孤独な戦いの中に、一つの光が差し込む回です。


「……信じられない」


 深夜二十二時。オフィスのデスクで、私は頭を抱えていた。

 明朝に控えた大型コンペの最終資料。土壇場でクライアント側から無理難題な変更要求が入り、チームは蜂の巣をつついたような騒ぎになっていた。


「一ノ瀬さん、このままじゃ間に合いません。データの差し替えだけで、あと三時間は……」

「宇佐美君、弱音を吐かないで。私が構成を組み直すから、あなたはグラフを。……やるわよ」


 指示を飛ばす声は、自分でも驚くほど冷たく響く。

 部下たちに絶望を見せるわけにはいかない。私は「鉄の女」として、この難局を乗り越えなければならないのだから。

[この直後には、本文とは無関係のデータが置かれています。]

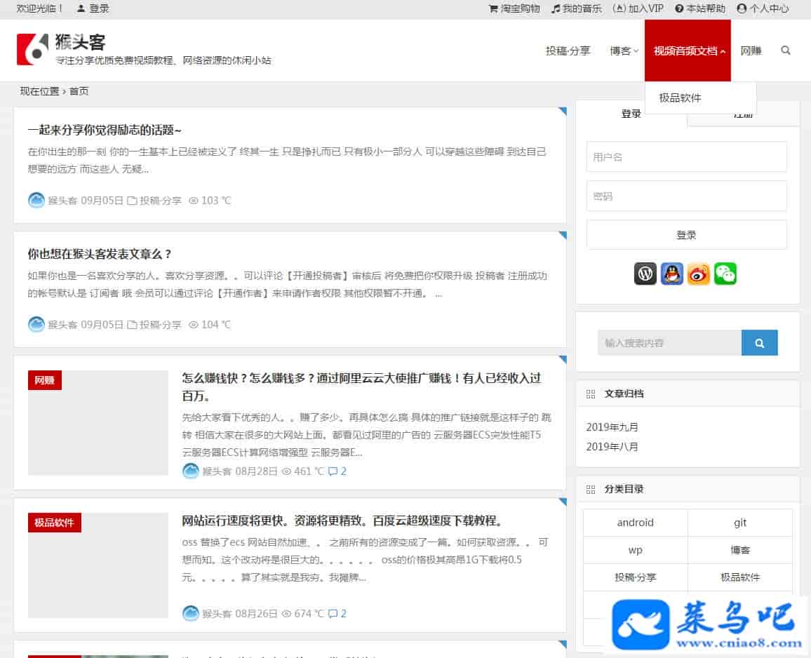 WordPress主题 2019猴头客博客站整站源码打包 带VIP会员系统源码采用了WordPress的知更鸟5.2主题进行搭建,内部seo完整,也进行了设计,直接放到服务器即可运营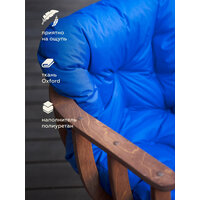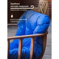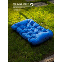 Подушка изготовлена из высококачественной водонепроницаемой ткани синего цвета, что обеспечивает долговечность и защиту от влаги. Размер подушки составляет 85х58х10 см, что позволяет использовать ее с большинством садовых кресел подходящих размеров.

 カチカチとマウスをクリックする音が、無人のフロアに虚しく響く。

 エアコンの風が、指先を容赦なく冷やしていく。

 集中しようとすればするほど、昨夜ルミエールで感じたあの穏やかな熱が、遠い幻のように思えてきた。


(……あそこは、私の現実じゃない)


 所詮、私はこうして一人で戦い、数字と成果だけを抱えて生きていく人間なのだ。

 不意に、机の上に置いていたスマートフォンが、微かな振動と共に光った。


『まだ、会社の明かりがついているのが見えました』


 瀬尾さんからの、短いメッセージ。

 マンションの自室から、私のオフィスの入るビルが見えるのだろうか。

 続いて、小さな写真が送られてきた。

 そこには、小さな花瓶に生けられた、鮮やかなオレンジ色のガーベラが写っていた。


『ガーベラの花言葉は、「常に前進」です。でも、無理はしないでください。志保さんが頑張っているのは、僕が知っていますから』


 その瞬間、冷え切っていた指先に、じわりと血が通うような感覚があった。

 誰も見ていないと思っていた。

 私の戦いも、孤独も、ただの「当然の義務」だと思われていた。

 けれど、窓の向こうの暗闇の中に、私の奮闘を肯定してくれる人が、たった一人だけいる。


「……一ノ瀬さん、どうかしましたか?」

「……何でもないわ。宇佐美君、あと少し。一気に仕上げるわよ」


 私はスマホを伏せ、再び画面に向き直った。

 けれど、唇には、自分でも気づかないほどの小さな微笑みが浮かんでいた。


第8話、いかがでしたでしょうか。

物理的にそばにいなくても、心に寄り添う瀬尾。

大人の恋は、こういった静かな支え合いが心に沁みますね。